I'm trying to figure out how to deal with distributions that are mixtures of discrete and continuous.
A simple example is max(0, uniform(-1, 1)) -- draw a (real) number uniformly between $[-1, 1]$ and if it's less than zero, then set it to zero.
I'd like some way of measuring the information or entropy of these distributions, but so far the obvious things don't work.
Discretizing and taking the limit of infinitesimal slices yields infinite entropy (since you're able to distinguish an infinite number of separate events).
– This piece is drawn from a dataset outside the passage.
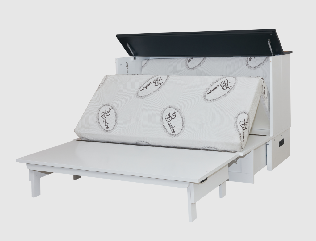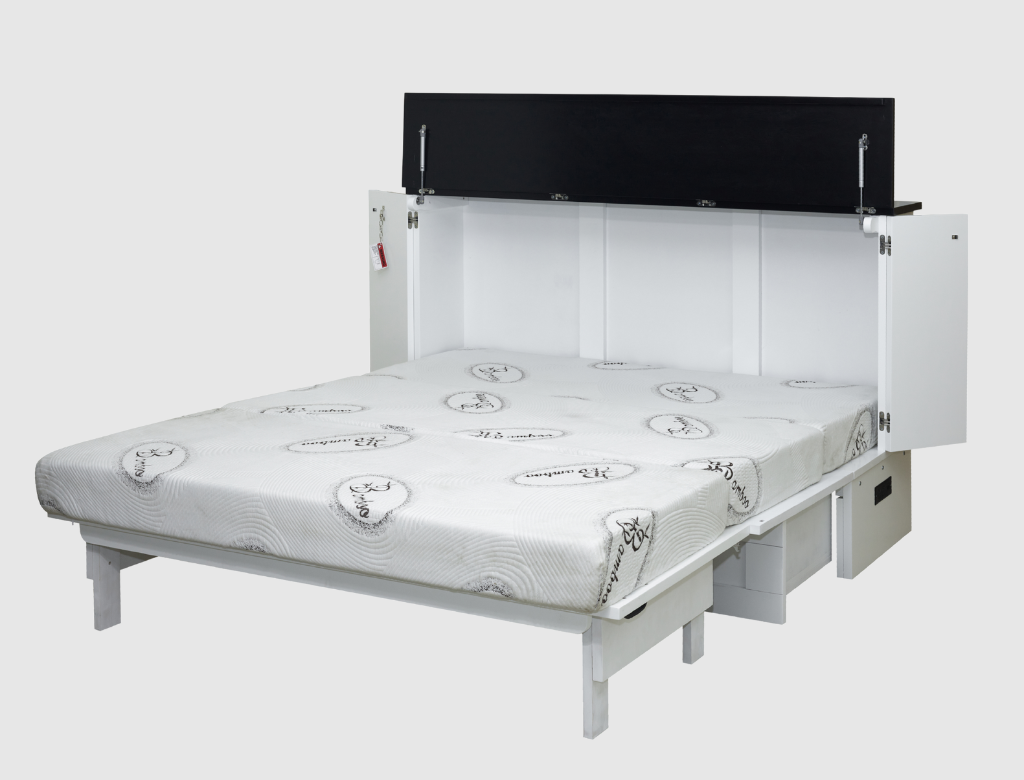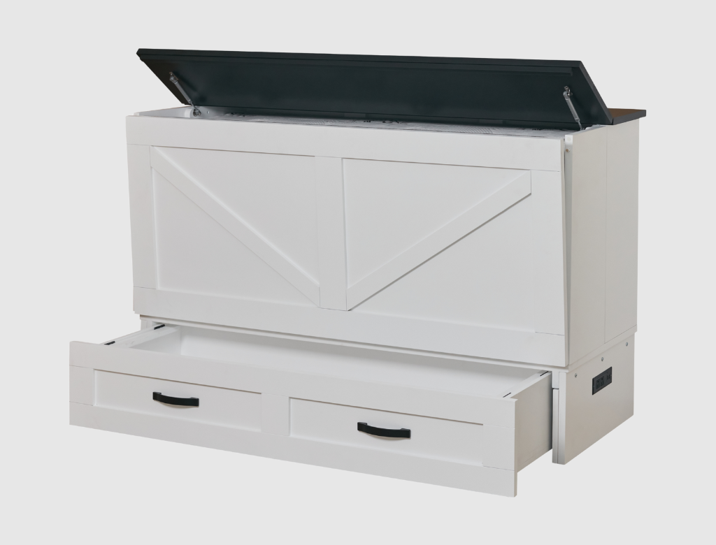 The Aztec is a free-standing CabinetBed that transforms into a full-size sleeping surface in under 30 seconds no wall mounting or permanent installation required. Its stylized grooved panels, clean lines, and side opening panels give it a modern barn-door look while keeping operation effortless for daily use.

Differential Entropy and Limiting Density of Discrete Points don't work because it doesn't have a proper probability density function (there isn't a relative probability between getting $0$ and getting $0.5$ -- it's infinity).
Any pointers on where/how to get started would be appreciated. Maybe this sort of thing hasn't been done before? (Would bet against this, though)
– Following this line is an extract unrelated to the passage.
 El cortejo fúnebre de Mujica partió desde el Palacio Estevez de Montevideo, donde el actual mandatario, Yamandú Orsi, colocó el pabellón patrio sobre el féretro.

Your density is $f_X(x) = \frac12 \delta(x) + \frac12 \mathbb{1}_{0<x<1}$
As you mentioned, the true (Shannon) entropy is infinite. The differential can be computed by several arguments. For simplicity, lets take $\delta(x)$ as the limit of a uniform in $[-a,0]$ with $a \to 0^+$. Then
$$\begin{align} -\int f_X(x)\log f_X(x) &=\int_{-a}^0 \frac{1}{2a}\log (2a)dx+\int_{0}^1 \frac{1}{2}\log ({2})dx \\ &= \frac{1}{2}\log ({2a}) + \frac{1}{2}\log ({2}) \end{align} $$
Taking the limit as $a \to 0^+$, we conclude that the differential entropy tends to $-\infty$ , as a purely discrete distribution.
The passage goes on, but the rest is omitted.